I’m trying to write something providing mysql-like functions: insert one row then return id.
d = Dict{Int64,Int64}()
Threads.@threads for i in 1:10000
if !haskey(d,i)
d[i] = length(d)+1
end
end
julia> length(d)
5670
julia> collect(d)
ERROR: ArgumentError: destination has fewer elements than required
Stacktrace:
[1] copyto!(dest::Vector{Pair{Int64, Int64}}, src::Dict{Int64, Int64})
@ Base ./abstractarray.jl:897
[2] _collect
@ ./array.jl:715 [inlined]
[3] collect(itr::Dict{Int64, Int64})
@ Base ./array.jl:709
[4] top-level scope
@ REPL[5]:1
I can use an extra Vector to fix this, but is there another better solution?

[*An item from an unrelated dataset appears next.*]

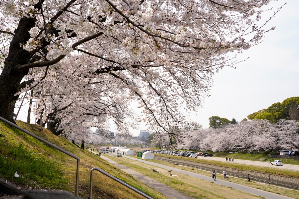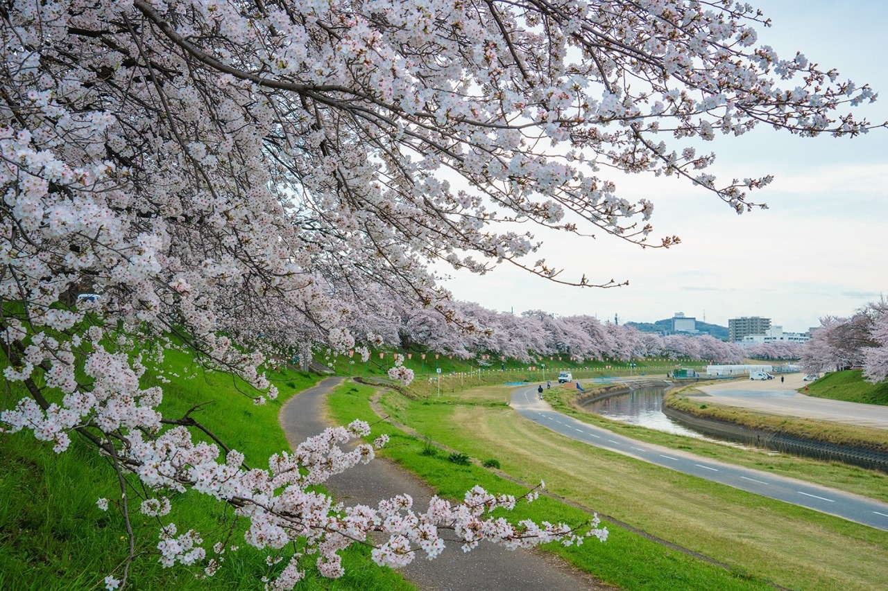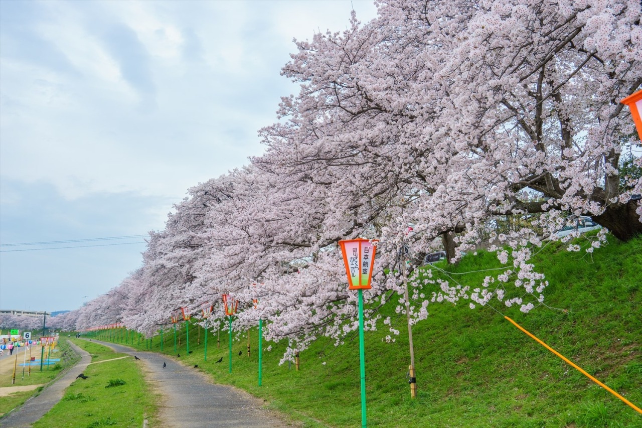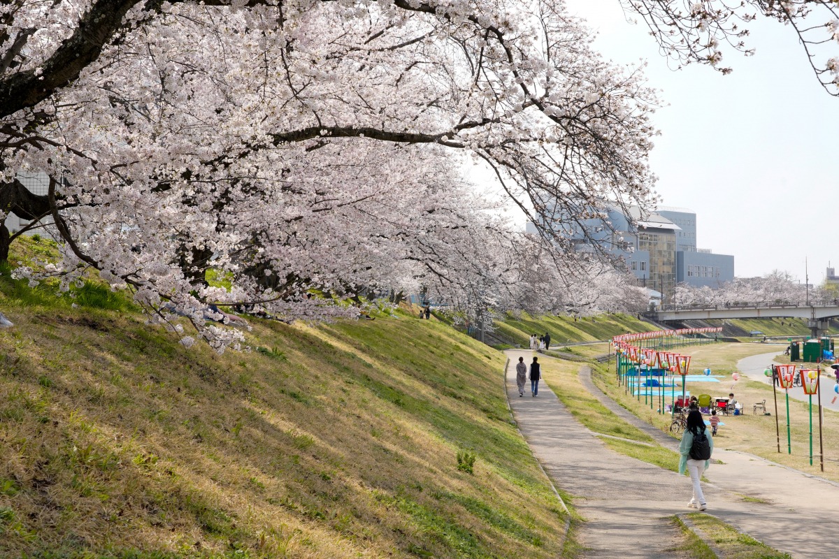 岡山市内を流れる旭川の東岸約1kmに渡り桜が咲き誇る、市街地の定番お花見スポットです。桜の開花時期に合わせて毎年「岡山さくらカーニバル」を開催。夜間は桜並木がライトアップされ、幻想的な夜桜見物を楽しむことができます。

I suggest just protect the plain Dict with a ReentrantLock. Protecting the integrity of the dictionary itself is not sufficient for the correctness of your program. Consider the following scenario involving two tasks T1 and T2:
T1 wants a new id for key 123
T2 wants a new id for key 456
T1 calls length(d), get 41
T2 calls length(d), get 41
T1 inserts d[123]= 42
T2 inserts d[456]= 42
Now two keys refer to the same ID and no keys have id 43.
The code in the OP would be fine if you put a lock around if !haskey(d,i) ... end.
There are a lot of clever techniques to make this efficient. But reasoning about concurrent programs requires a lot more thinking than some comments fit in a discourse post.